Sunday, May 21, 2000 | 2:39 a.m.

SOUTHAVEN, Miss. - One sunny and windy spring Sunday, 7-year-old Dallas Reinhardt Peeples went fishing with her stepfather and her 4-year-old brother, Garrett. The family's live-in friend, Troy Carlisle, tagged along.

The children's mother, Kerri Peeples, dressed them, brushed their blond hair and sent them off. "I told them I loved them and I'd see them when they got back," she said.

Only one of the children returned.

Police say both children fell out of the family boat into Arkabutla Lake. Dallas' stepfather rescued Garrett, and Carlisle swam out to Dallas. But instead of rescuing the girl, authorities believe, the strong currents caused Carlisle to panic and tear the girl's life preserver away from her to save himself.

Dallas drowned. Her body was recovered three days later, on May 10.

That same day, Carlisle, 28, was accused of murder under a Mississippi law that stipulates that the charge is warranted when a crime "was done in the commission of an act eminently dangerous to others and evincing a depraved heart."

If convicted, he could face life in prison. Calls to the home and office of his attorney, Darrin Vance, went unanswered Sunday. Carlisle was on suicide watch in the county jail.

Phil Cottam, DeSoto County's assistant chief deputy sheriff, was among the roughly 300 law officers who assisted in the search for Dallas. It was the child's stepfather, Kenneth, who finally found her body.

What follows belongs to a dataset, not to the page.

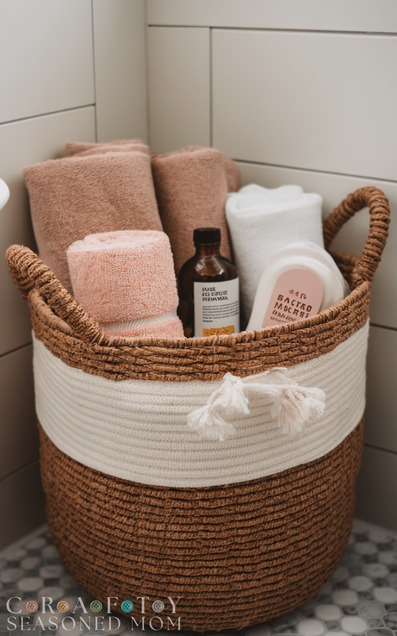 Baskets are both practical and decorative. This winter bathroom storage hack on a budget helps you group extra towels, bath salts, or seasonal toiletries. Woven or fabric baskets add texture and warmth while keeping clutter hidden.
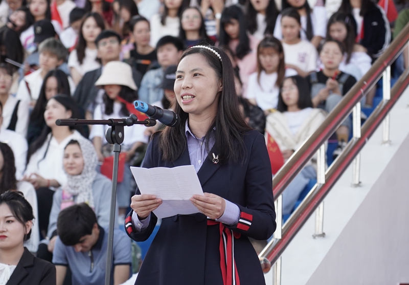 吉林省优秀教师、金融学院副院长王丽颖教授代表全体教师作了发言,对如何度过大学生活,向2019级新生提出了三点希望:第一,正确定位,做好规划;第二,珍惜光阴,勤奋学习;第三,爱国、爱家,勇于担当。

"She still had her hair in a little ponytail and when I saw it ... it tore me up," Cottam said. "I thought, 'How can somebody do this to a child?"'

Carlisle had worked for Peeples family at their automotive shop before they closed it down a week before the drowning. He was facing charges of cocaine possession but was free on bond at the time of the fishing trip, authorities said.

Kerri Peeples said she and her husband wanted to help their friend. They offered him shelter in the two-bedroom apartment. "We even paid for his attorney," she said.

She said that her children often played with Carlisle, whom they nicknamed "Troy Boy," and that the five of them had spent time together on the family boat last summer.

Cottam would not elaborate on the case against Carlisle. But he did say 4-year-old Garrett is a possible witness.

"He enlightened us quite a bit," Cottam said. "We feel strongly we have a good charge."